Tesisin İşletme Müdürü Veli Hoş, argümanlarla ilgili olarak yaptığı açıklamada şunları söyledi: “Madra Barajı şu anda sulama maksatlı kullanılmakta. Suyu PH bedelini 12 civarına çıkarmak için kireç harcıyoruz. Bu kireçli suyu salmak da bizim işimize gelmez. Evre daim yapıyoruz. Daima baraja su saldığımız istikametinde birebir tez var fakat ispat edemediler. Devlet kurumları daima olarak gerekli numuneleri alıp, tahlil yapılıyor. Hepsi incelenebilir. Toplumsal medyada daima aleyhimize bir çalışma yapılıyor. Dün yaşanan olay şudur. Çok yağışlar nedeniyle su birikintisi oluştu. Bizim ekskavatör operatörü de suyun önünü açmak isterken 3 tane 2,80 metre uzunluğundaki 8 ton yükündeki bariyeri dereye yuvarladı. Bu da Vilayet Etraf Müdürlüğü ve jandarma tutanaklarında mevcuttur. Rastgele bir kaçak olmadığı, dereye deşarj olmadığını da tespit ettiler. Dereden de yeniden numune aldılar.

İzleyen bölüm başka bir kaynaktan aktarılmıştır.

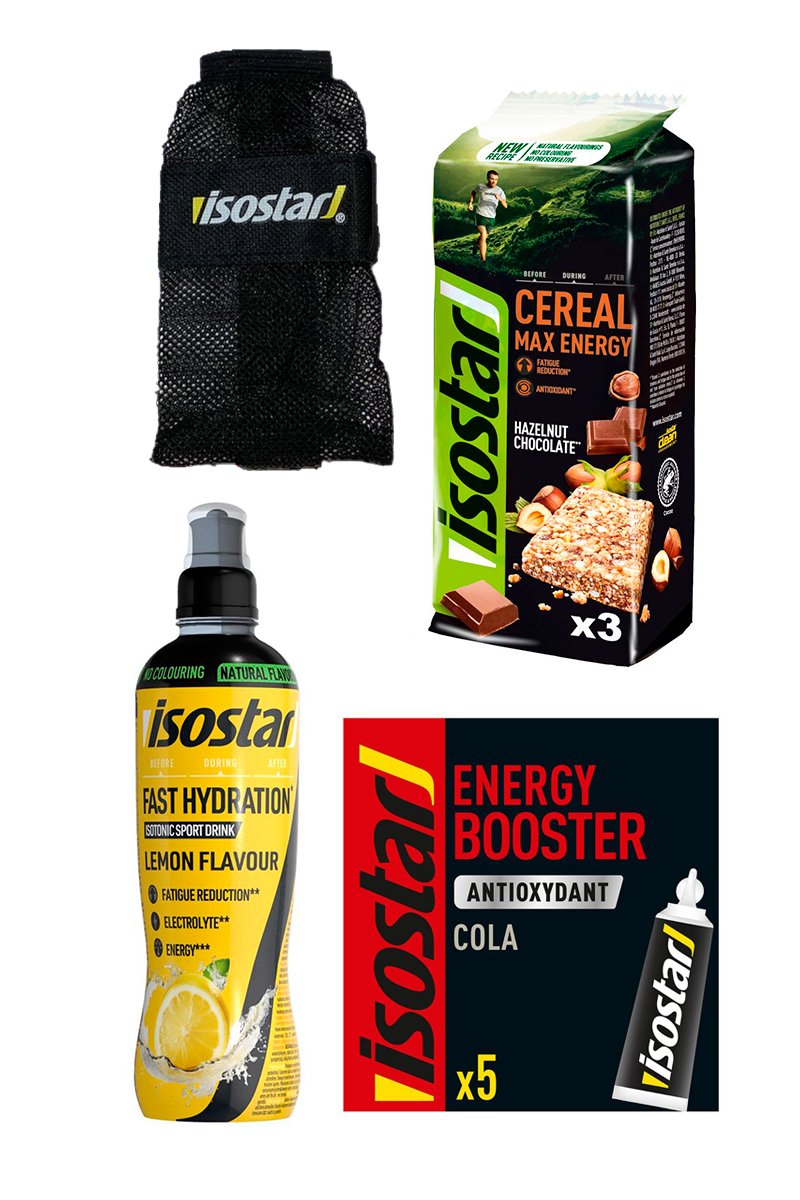 3 gels énergétiques Energy Booster Cola, 6 boissons Fast Hydratation saveur Citron et 6 barres énergétiques Céréal Max noisette et chocolat - 100 g, 500 ml et 165 g

Sonuçlar da 15 güne kadar çıkar. İmajlardaki su da yağışlar nedeniyle her yerden akan yağmur suyu. Biz demiri 300 mikron boyutuna getiriyoruz. Ocakta delme, patlatma ve kırma sürecinin akabinde, manyetik separatörle ayrıştırma yapıyoruz. Etrafa deşarjımız olması mümkün değil. Şimdiye kadar barajı kirletmedik, şimdiden sonra da kirletmeyiz. Bunu tekraren ispat ettik, yeniden numune sonuçlarını kamuoyu ile paylaşacağız.” (DHA)

Kaynak: Gazeteduvar

Bir yanıt yazın

Your email address will not be published.